» **What this task involves**: From the data that follows, set down exactly the lines from the one with "ANEL DE MOEDA" through the one with "Il primo ambiente", counting both. Pictures stay out.

#####

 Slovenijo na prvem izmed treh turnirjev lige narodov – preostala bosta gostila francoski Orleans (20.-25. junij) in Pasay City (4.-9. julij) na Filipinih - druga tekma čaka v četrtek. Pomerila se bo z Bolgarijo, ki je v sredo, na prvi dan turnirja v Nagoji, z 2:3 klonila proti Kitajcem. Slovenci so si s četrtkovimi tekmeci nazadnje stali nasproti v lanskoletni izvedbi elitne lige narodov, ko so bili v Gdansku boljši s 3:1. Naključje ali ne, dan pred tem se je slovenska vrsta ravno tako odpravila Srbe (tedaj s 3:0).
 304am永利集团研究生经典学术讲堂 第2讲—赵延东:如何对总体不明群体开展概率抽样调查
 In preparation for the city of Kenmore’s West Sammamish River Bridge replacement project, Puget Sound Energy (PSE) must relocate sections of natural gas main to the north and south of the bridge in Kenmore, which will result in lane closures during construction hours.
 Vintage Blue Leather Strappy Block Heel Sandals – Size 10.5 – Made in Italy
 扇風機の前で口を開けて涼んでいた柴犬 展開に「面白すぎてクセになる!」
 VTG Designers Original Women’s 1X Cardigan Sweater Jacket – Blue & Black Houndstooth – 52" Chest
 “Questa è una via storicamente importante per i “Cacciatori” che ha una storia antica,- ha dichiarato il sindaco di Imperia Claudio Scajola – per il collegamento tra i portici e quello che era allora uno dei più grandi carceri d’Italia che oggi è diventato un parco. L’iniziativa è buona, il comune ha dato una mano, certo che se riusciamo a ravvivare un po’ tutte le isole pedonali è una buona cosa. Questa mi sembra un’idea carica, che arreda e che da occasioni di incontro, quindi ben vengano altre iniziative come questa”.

#####

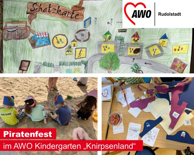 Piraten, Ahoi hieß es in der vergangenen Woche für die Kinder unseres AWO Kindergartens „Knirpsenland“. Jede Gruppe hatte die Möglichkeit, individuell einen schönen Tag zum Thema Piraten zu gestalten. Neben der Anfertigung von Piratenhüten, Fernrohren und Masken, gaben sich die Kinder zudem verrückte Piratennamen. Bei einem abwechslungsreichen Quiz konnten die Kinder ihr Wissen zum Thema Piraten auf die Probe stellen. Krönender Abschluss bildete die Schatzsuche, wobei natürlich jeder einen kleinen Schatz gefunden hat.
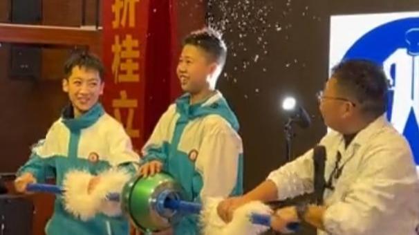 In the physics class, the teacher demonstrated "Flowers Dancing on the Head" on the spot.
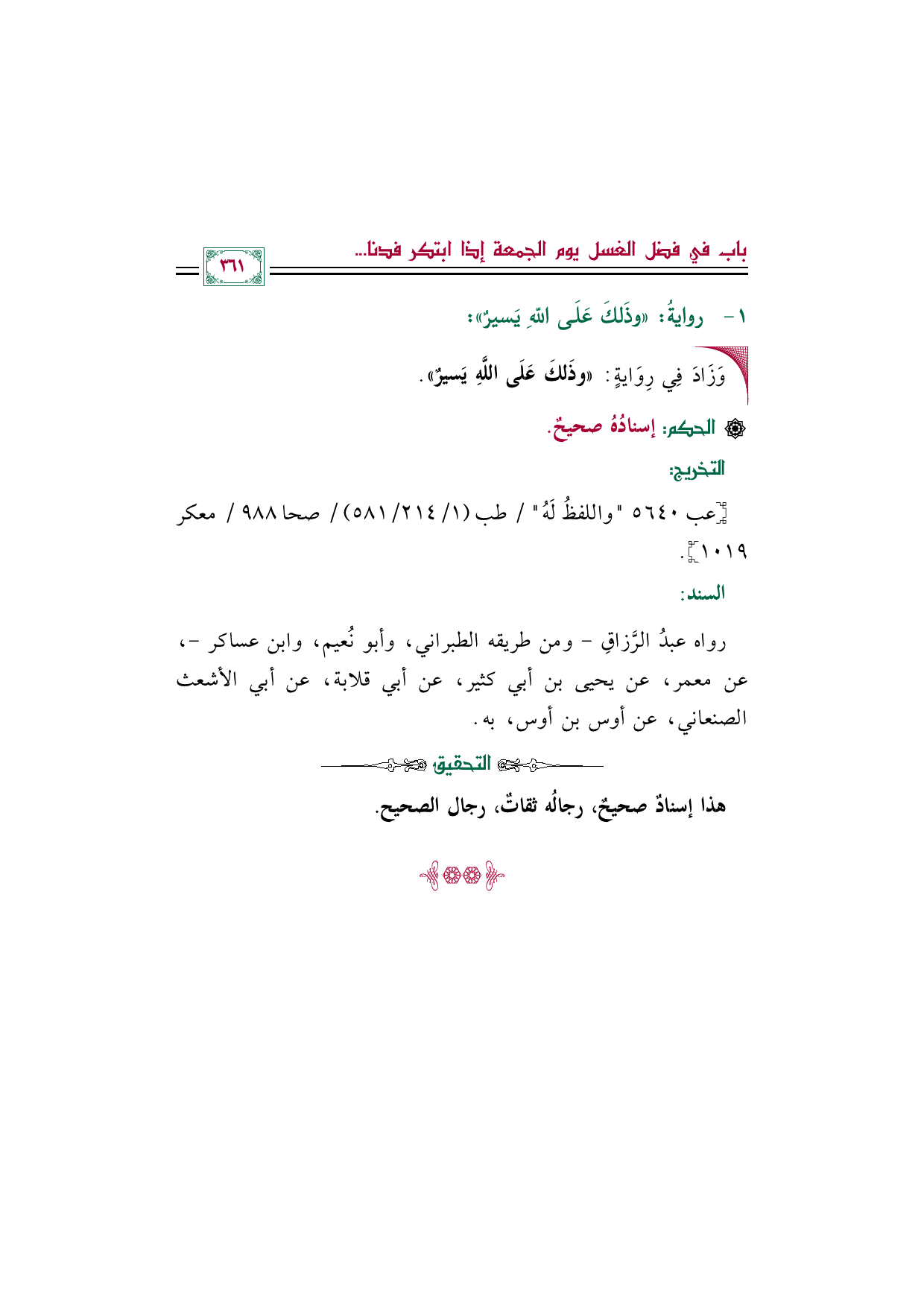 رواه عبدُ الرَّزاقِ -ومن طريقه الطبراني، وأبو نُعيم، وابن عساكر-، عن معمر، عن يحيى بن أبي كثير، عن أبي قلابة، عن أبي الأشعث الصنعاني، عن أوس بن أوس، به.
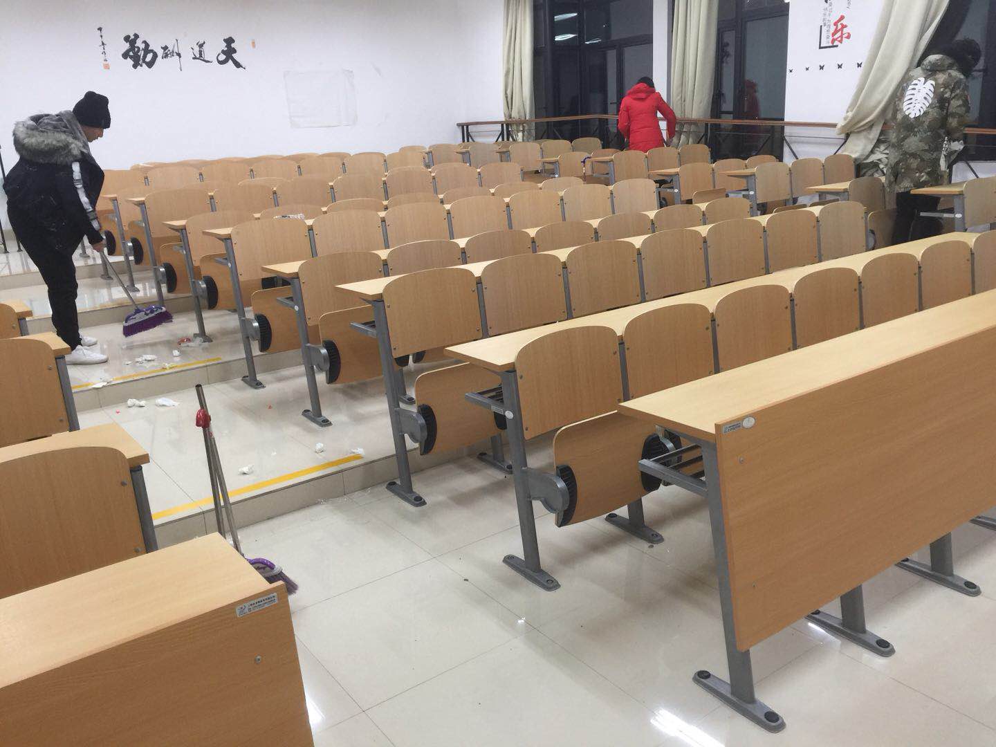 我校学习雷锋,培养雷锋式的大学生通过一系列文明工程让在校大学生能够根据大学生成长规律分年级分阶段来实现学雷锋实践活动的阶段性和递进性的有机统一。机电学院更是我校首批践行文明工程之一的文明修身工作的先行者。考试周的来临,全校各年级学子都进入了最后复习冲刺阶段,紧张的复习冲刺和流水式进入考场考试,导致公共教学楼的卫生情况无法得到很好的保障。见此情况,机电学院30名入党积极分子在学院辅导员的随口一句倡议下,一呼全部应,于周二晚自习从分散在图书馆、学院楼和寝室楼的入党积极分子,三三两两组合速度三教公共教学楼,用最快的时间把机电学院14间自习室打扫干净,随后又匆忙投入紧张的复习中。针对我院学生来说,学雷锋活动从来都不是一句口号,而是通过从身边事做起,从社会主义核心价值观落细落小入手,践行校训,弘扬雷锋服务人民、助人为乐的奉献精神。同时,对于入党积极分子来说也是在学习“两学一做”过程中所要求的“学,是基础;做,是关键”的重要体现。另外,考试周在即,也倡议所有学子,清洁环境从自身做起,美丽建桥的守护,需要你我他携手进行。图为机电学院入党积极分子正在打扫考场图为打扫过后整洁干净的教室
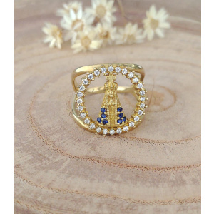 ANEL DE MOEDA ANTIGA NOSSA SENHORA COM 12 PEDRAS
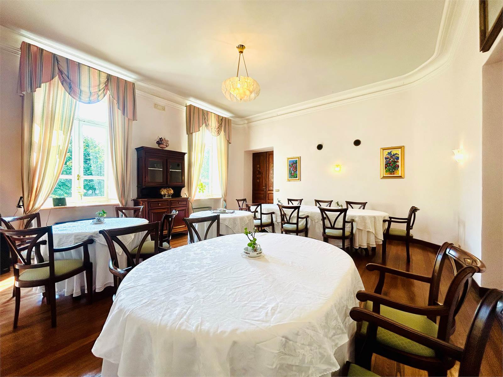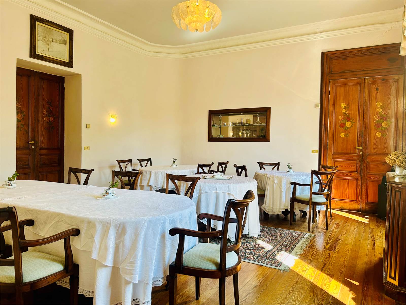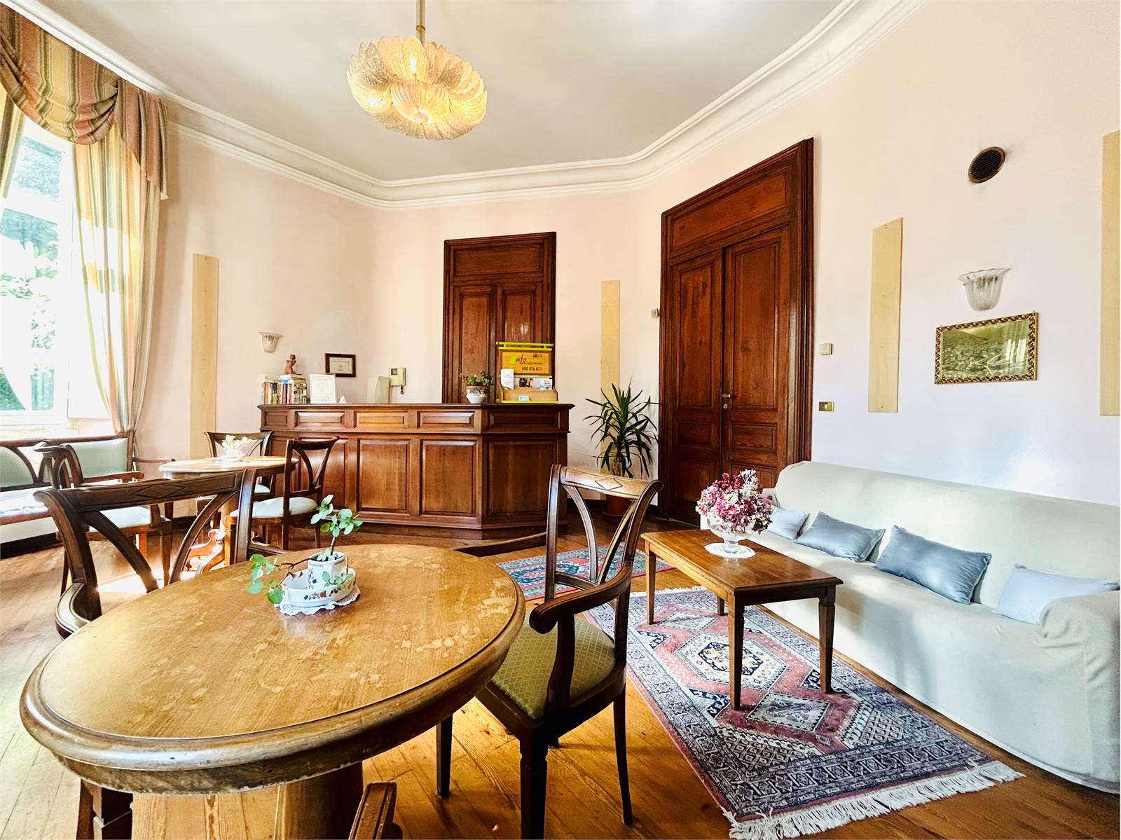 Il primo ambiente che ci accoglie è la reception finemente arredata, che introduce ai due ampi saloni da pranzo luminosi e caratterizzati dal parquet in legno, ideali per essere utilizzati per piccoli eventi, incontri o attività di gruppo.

#####

» **Expected answer**:
 ANEL DE MOEDA ANTIGA NOSSA SENHORA COM 12 PEDRAS
 Il primo ambiente che ci accoglie è la reception finemente arredata, che introduce ai due ampi saloni da pranzo luminosi e caratterizzati dal parquet in legno, ideali per essere utilizzati per piccoli eventi, incontri o attività di gruppo.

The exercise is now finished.